Diarrah Sadler stood on the steps of her home and listened as family and friends remembered her daughter, Diamond Ward, who turned 16 on Dec. 29 — a celebration that will be remembered as her last.

Red and white candles lined the fence of Sadler’s yard and were held in the hands of about 40 people as they shared their favorite memories of Diamond, a Buccholz High School student who committed suicide Tuesday.

“It hurts me that my love wasn’t enough for her,” Sadler, 40, said.

Diamond’s body was found by her 13-year-old brother after he went into her room to look for his shoes.

“He opened the door and saw her, and she had hung herself,” Sadler said. “He yelled, and I ran into her room, and there she was. It was absolutely horrible.”

Sadler said she had made plans with her daughter to go to the grocery store, watch a movie and do her hair.

“We made plans for the next day,” she said. “I don’t understand how she ended up doing this.”

But she has a feeling it was instigated by bullying at her school.
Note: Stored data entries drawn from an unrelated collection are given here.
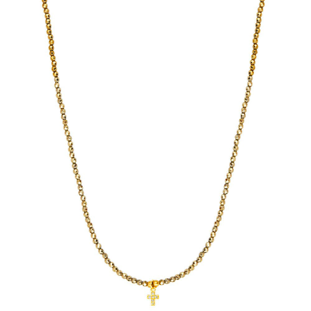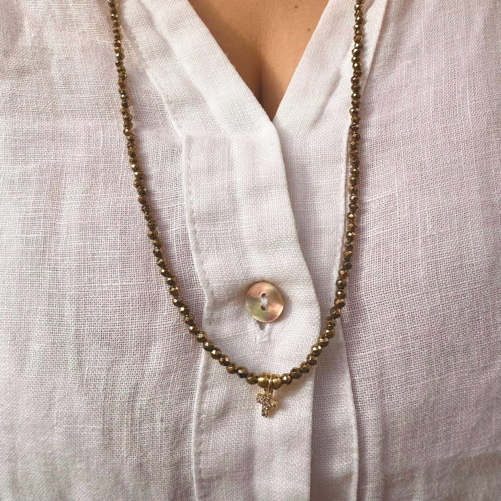 Kharmari necklace in brass beads, agate and rhinestones, with a small cross pendant.
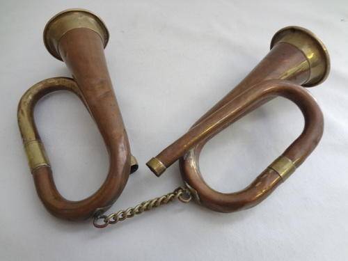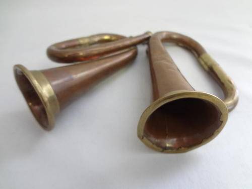 Small musical copper and brass instruments - as per photo
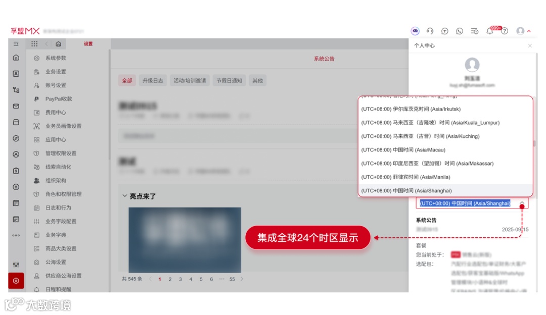 现在,非英语地区员工可以直接使用母语界面操作。这不仅缩短系统培训周期,更实现了沟通与协作上的提效。 亮点2 新增全球时区,告别“时间换算”
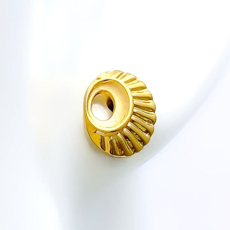 These 22k gold top earrings, weighing 2.3 grams, feature a refined decorative design that exudes understated elegance. The polished yellow gold finish enhances their intricate detailing, while the 0.4-inch length offers a graceful and subtle accent. Design
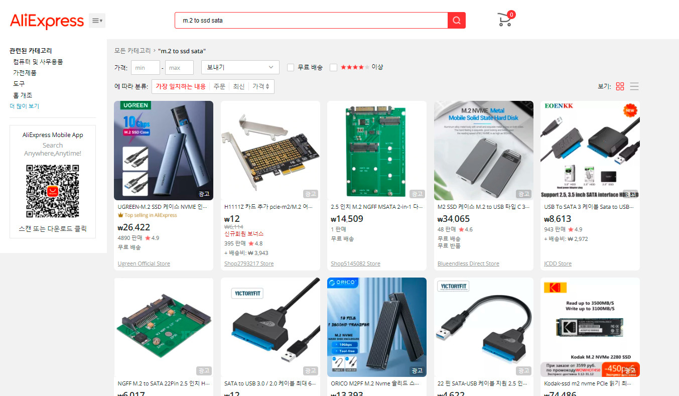 어쨌든 저는 저런 형태는 아니지만 적어도 호환이 가능한 M.2 타입으로 변환 어댑터로 변경하면 길이 보이겠지 하고 구매한 것입니다.

She could have felt like she had no other choice, Sadler said.

“I don’t understand why she could feel like that, because I loved her — I love her so much,” she said.

At the vigil, 18-year-old Shidae Williams, a close friend of Diamond’s, spoke about her own struggles with bullying and trying to commit suicide at 11 years old.

“If I knew my best friend was being bullied, I would have got her help immediately,” she said.

Williams encouraged people to get help if they’re being bullied, and she said she never suspected Diamond was having such a tough time.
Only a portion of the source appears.